St. Bees South - Tale of the Honey

Tale of the Talbots 7b+/V8 (St Bees South)North Lakes lads Jon Freeman and Dan Turner have taken up the gauntlet at St. Bees Head – South and freed a couple more of the many excellent projects. Both new lines are left and right hand variations of the same “awesome undercut prow” line, described as a project on the current topo, at 'Area D'.

The lines go thus: Both problems start from standing/low (on the stepped block) from a rail of two decent pockets, low on the right hand side of the prow.

1. Tale of the Talbots (7b+/V8) - Pull on at the pockets and move your LH out to a crimp high on arête, finish by rocking direct to the top. (FA: Dan Turner)

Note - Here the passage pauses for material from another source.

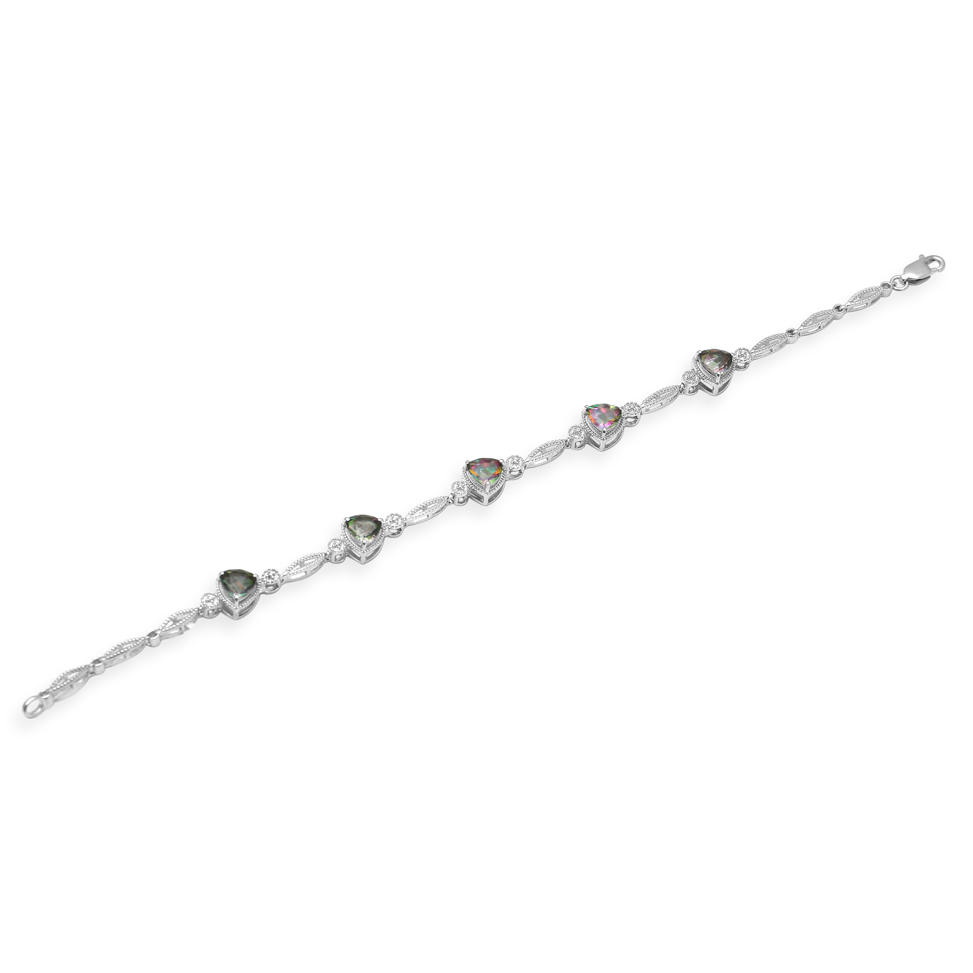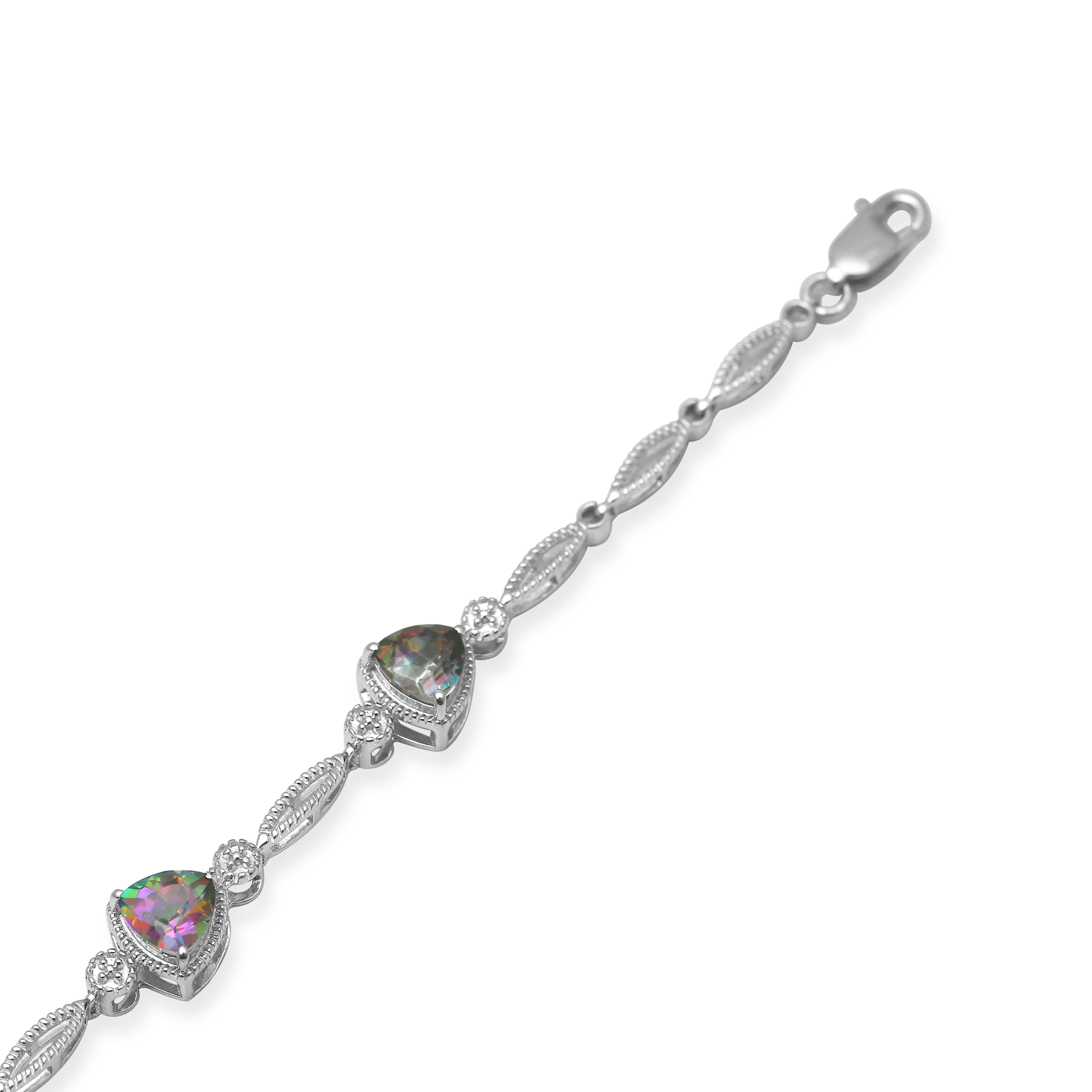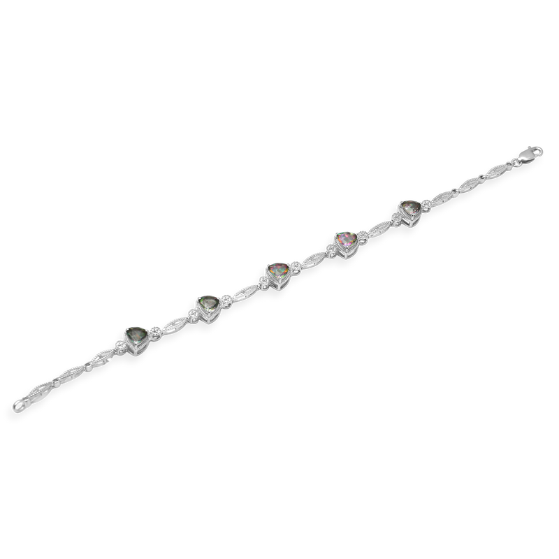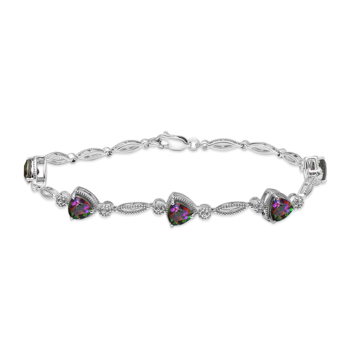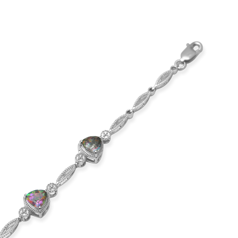 • Sterling Silver With Trillion Cut Mystic Topaz Link Bracelet

2. Honeycomb (7b/V8) – Again from the low pockets, pull on and make a large throw out to a pinch/crimp on the right arête, then straight to the top. (FA: Jon Freeman)

Image: Dan Turner on Tale of the Talbots (7b+/V8).

There is a video (also featuring The Kraken, Killer Bee, Kill Switch and Orca ) of both new climbs here.

Red Whale Extension

Also of note: Andy McVittie and friends climbed an extension to the classic 6a+/V2 nose, Red Whale, also at 'Area D'. This starts as far right as possible and traverses left into the original problem.

Andy acknowledges that this line may well have been climbed before but feels it's worth mentioning, as it's not described on the recent selected guide and is a classic of the grade - 6b/V3 or thereabouts.